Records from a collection
((

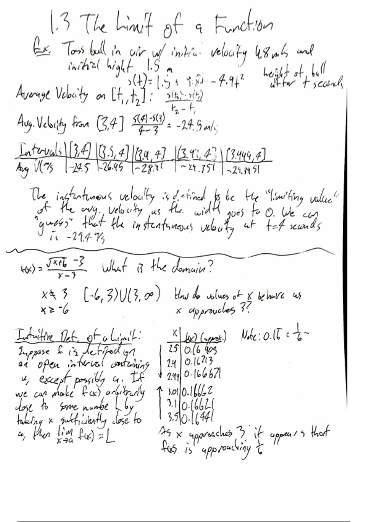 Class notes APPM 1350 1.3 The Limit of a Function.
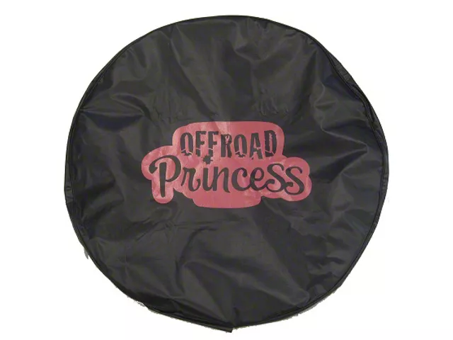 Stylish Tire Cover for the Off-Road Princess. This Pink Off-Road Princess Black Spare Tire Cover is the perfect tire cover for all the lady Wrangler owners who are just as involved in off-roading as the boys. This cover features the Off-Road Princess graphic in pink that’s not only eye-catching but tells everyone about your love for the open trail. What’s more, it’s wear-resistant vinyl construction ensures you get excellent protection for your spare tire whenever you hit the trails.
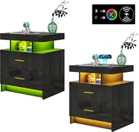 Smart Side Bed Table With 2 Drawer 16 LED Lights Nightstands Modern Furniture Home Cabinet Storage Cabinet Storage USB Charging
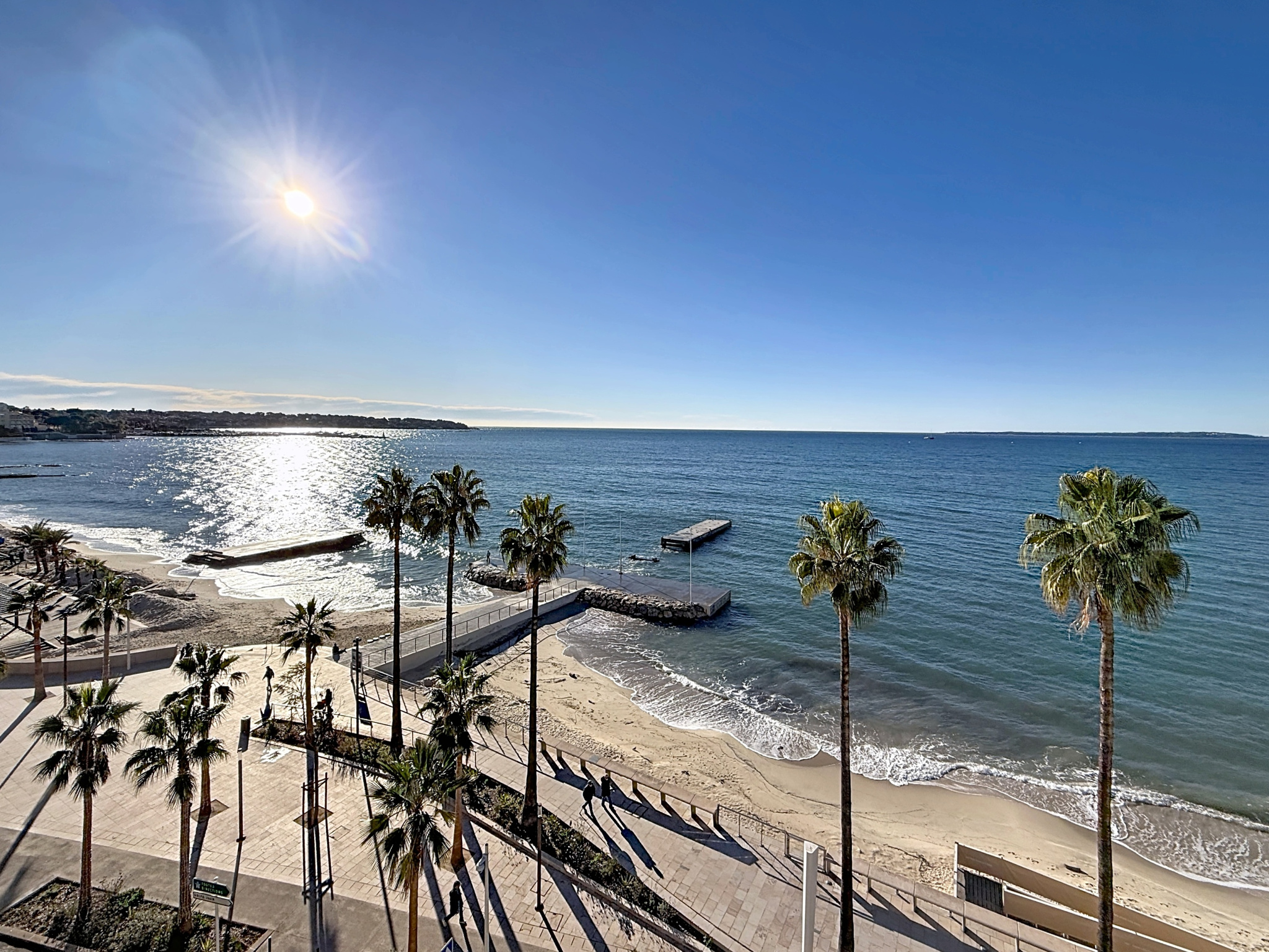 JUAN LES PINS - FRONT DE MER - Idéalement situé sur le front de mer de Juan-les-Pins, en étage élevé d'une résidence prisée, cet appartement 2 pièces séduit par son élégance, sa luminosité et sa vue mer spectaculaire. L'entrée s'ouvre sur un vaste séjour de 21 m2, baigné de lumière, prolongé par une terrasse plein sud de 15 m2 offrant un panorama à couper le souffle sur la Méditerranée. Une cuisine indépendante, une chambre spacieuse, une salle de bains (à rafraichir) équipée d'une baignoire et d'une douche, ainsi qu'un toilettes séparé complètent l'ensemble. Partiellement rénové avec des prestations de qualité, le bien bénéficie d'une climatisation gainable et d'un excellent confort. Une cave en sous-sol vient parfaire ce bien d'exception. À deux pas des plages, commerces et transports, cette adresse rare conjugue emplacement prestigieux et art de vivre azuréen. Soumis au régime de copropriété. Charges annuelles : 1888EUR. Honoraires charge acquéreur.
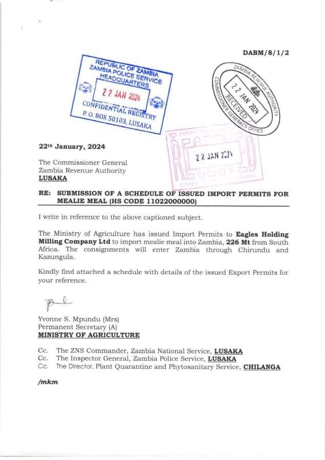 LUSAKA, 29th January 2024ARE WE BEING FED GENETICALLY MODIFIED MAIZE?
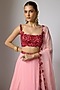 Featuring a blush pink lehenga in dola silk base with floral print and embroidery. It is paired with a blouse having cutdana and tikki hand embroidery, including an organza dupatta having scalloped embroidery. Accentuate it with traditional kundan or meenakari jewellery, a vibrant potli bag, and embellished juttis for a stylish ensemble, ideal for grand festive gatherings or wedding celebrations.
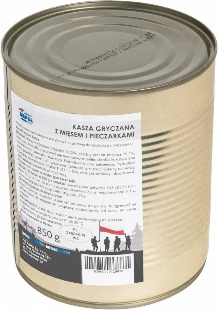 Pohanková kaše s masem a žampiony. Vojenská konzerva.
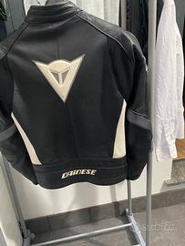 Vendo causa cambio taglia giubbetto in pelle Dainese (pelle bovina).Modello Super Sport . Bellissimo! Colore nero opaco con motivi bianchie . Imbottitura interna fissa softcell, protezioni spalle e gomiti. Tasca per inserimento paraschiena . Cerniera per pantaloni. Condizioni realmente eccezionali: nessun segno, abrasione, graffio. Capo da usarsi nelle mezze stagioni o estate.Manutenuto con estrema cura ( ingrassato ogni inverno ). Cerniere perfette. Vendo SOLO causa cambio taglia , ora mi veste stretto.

))

Lines before the one containing "LUSAKA, 29th January" are not wanted; write out that line and every later line through the end of the data above, exactly, without pictures.

 LUSAKA, 29th January 2024ARE WE BEING FED GENETICALLY MODIFIED MAIZE?
 Featuring a blush pink lehenga in dola silk base with floral print and embroidery. It is paired with a blouse having cutdana and tikki hand embroidery, including an organza dupatta having scalloped embroidery. Accentuate it with traditional kundan or meenakari jewellery, a vibrant potli bag, and embellished juttis for a stylish ensemble, ideal for grand festive gatherings or wedding celebrations.
 Pohanková kaše s masem a žampiony. Vojenská konzerva.
 Vendo causa cambio taglia giubbetto in pelle Dainese (pelle bovina).Modello Super Sport . Bellissimo! Colore nero opaco con motivi bianchie . Imbottitura interna fissa softcell, protezioni spalle e gomiti. Tasca per inserimento paraschiena . Cerniera per pantaloni. Condizioni realmente eccezionali: nessun segno, abrasione, graffio. Capo da usarsi nelle mezze stagioni o estate.Manutenuto con estrema cura ( ingrassato ogni inverno ). Cerniere perfette. Vendo SOLO causa cambio taglia , ora mi veste stretto.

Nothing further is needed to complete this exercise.